**Records shown**
# # # # #

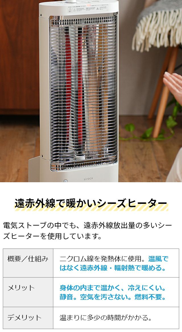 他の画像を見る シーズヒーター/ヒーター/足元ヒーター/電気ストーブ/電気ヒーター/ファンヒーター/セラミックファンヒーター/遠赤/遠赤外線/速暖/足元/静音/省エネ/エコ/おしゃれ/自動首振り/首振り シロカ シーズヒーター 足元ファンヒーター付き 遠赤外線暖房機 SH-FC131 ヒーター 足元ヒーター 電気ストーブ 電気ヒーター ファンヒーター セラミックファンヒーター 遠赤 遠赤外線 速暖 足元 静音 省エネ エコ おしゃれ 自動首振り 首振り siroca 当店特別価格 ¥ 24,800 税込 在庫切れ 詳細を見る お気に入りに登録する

# # # # #

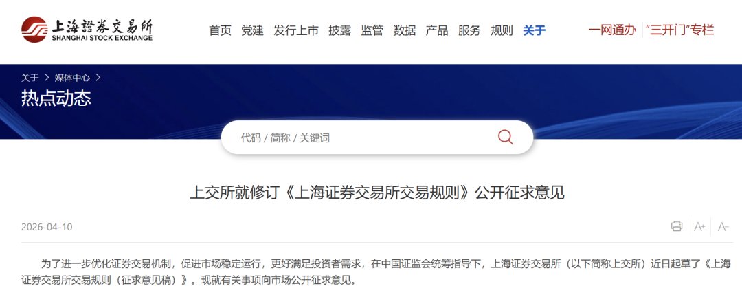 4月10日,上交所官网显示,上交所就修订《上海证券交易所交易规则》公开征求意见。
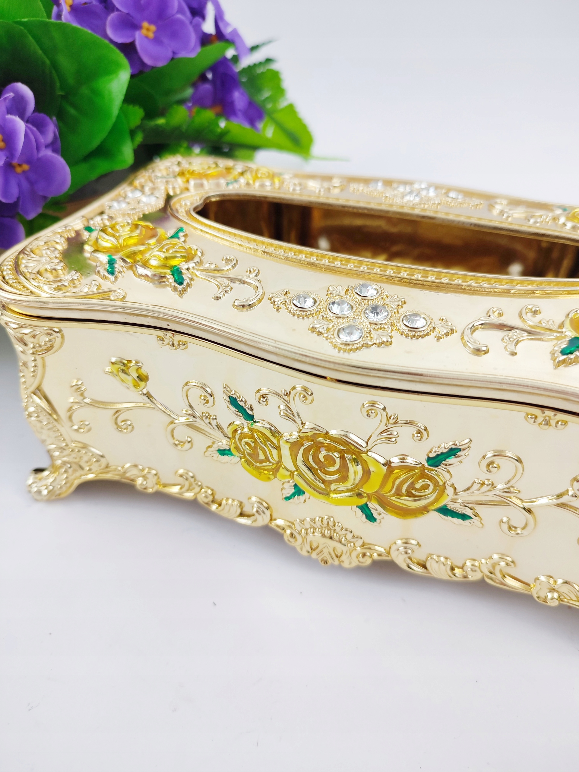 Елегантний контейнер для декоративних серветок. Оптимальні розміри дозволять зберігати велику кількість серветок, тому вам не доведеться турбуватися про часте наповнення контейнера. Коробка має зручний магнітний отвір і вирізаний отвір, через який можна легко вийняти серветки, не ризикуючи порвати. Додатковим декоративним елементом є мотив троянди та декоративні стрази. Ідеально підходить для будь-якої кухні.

# # # # #

**Required work**
Take the material above and output only the lines from the one that contains "4月10日,上交所官网显示,上交所就修订" through the one that contains "Елегантний контейнер для", ends included and images left out.

**Answer area**
 4月10日,上交所官网显示,上交所就修订《上海证券交易所交易规则》公开征求意见。
 Елегантний контейнер для декоративних серветок. Оптимальні розміри дозволять зберігати велику кількість серветок, тому вам не доведеться турбуватися про часте наповнення контейнера. Коробка має зручний магнітний отвір і вирізаний отвір, через який можна легко вийняти серветки, не ризикуючи порвати. Додатковим декоративним елементом є мотив троянди та декоративні стрази. Ідеально підходить для будь-якої кухні.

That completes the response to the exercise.